◆ Seung-Woo Seo, the director of the Korean Institute of Electronics and Information Engineers and a professor at SNU

There is a chronic shortage of manpower across strategic industries such as the semiconductor and the battery industry

Current admission with majors and tinkering with talent development will not be able to satisfy future demands

There is a need to break down barriers to expand the talent pool and create an ecosystem

There is a dire need to secure super-gap technologies… The government needs to act as a bridge between industrial and the academic sectors

In the first quarter of this year, the share of Chinese companies such as SMIC in the global semiconductor foundry market was 10.2%, exceeding 10% for the first time. Despite the US sanctions, China is accelerating its semiconductor development and is fiercely catching up to Korea. Taiwan’s TSMC is leading the market and widening the market share gap with Samsung Electronics. Following the warnings that ‘Semiconductor Korea’ is in crisis, the government is coming up with countermeasures such as manpower development policies and regulatory reforms.
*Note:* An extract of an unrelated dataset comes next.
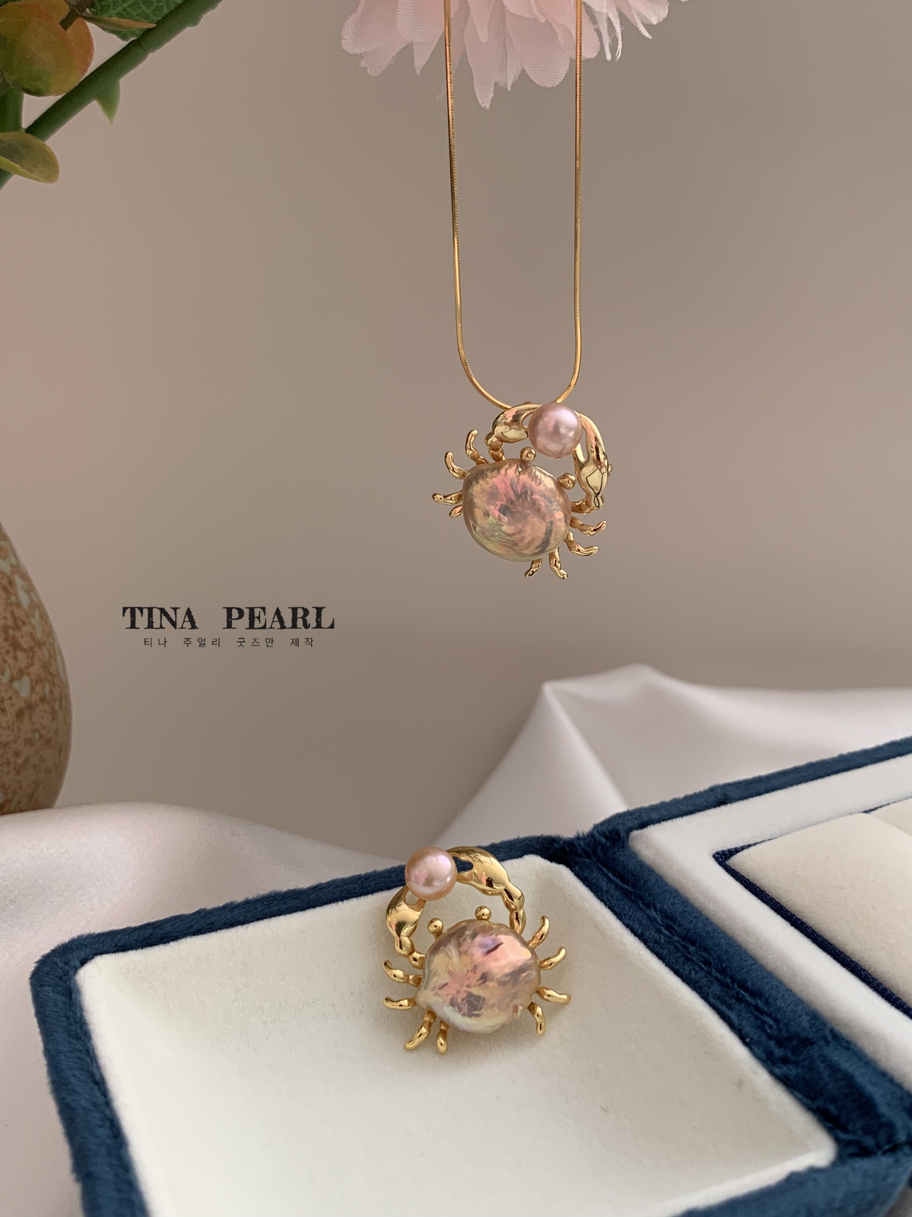 TINA PEARL Colorful crab natural pearl pendant S925

In an interview with Seoul Economic Daily on the 11th, Seung-Woo Seo the director of the Korean Institute of Electronics and Information Engineers and a professor at the SNU Department of Electrical and Computer Engineering, said, “The government’s talent development program will not be able to satisfy the future demands”, and that “through policies such as major-less admissions, there is a need for university education reforms to expand the talent pool.” He also warned that “China is backed with proper government support, manpower, and ecosystems, and thus could catch up to Korea within 5 years.”
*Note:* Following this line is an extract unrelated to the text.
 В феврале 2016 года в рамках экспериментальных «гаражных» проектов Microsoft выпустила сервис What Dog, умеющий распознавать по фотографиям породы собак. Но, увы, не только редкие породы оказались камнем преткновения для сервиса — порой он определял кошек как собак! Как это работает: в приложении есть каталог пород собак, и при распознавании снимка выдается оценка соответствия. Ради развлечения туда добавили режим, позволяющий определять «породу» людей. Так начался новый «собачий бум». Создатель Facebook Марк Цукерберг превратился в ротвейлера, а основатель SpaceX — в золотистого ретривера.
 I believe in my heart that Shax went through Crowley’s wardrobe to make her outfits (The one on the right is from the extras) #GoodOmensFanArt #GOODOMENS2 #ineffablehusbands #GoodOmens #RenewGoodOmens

-What must be done to develop the competitiveness of the semiconductor industry?

△ There are three main points. The semiconductor industry is a device-based industry that requires a lot of investment, but it is also a key industry, so government support is more important than anything else. However, financial support is not enough for the industry’s prosperity. It needs personnel to be run properly. Ultimately, it is a matter of manpower, which includes professors and students. Lastly, there is a need for a solid infrastructure, that is, an ecosystem.
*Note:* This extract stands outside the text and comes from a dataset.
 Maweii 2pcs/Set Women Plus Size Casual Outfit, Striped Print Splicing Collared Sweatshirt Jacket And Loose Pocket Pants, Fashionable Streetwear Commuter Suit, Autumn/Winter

-What is the situation in Korea?

△ Several problems emerged over the last 10 years. First is the government’s attitude. The semiconductor business is for large corporations such as Samsung Electronics and SK Hynix, and there was a perception that the government does not need to pay much attention to the industry when those companies are already doing well. The government thus neglected support for the industry to some extent. The same goes for the manpower aspect. For reasons such as overcrowding in the capital area, the expansion of manpower in certain areas such as the semiconductor industry was not active. The creation of a proper ecosystem was also left entirely to large companies; the government did not make an effort to create one. Looking at these three aspects, it can be said that the Korean semiconductor industry has been stagnant for the last 10 years.

-In the meantime, China has been catching up to Korea at a fearsomely fast pace.

△ China is better than Korea in three aspects: government support, manpower, and the establishment of an ecosystem. Currently, there are about 2,000 to 3,000 Chinese companies designing AI-related chips. Most of these companies are funded by the investment of money that they received from the Chinese government. In contrast, Korea only has 5 to 10 such companies. In short, a comparison cannot even be made. The starting point is different. Under these circumstances, it is only a matter of time before China catches up to us. I believe that it will take China about 5 years, and have to come up with countermeasures during this period.

-Why did our fabless field fall behind so much?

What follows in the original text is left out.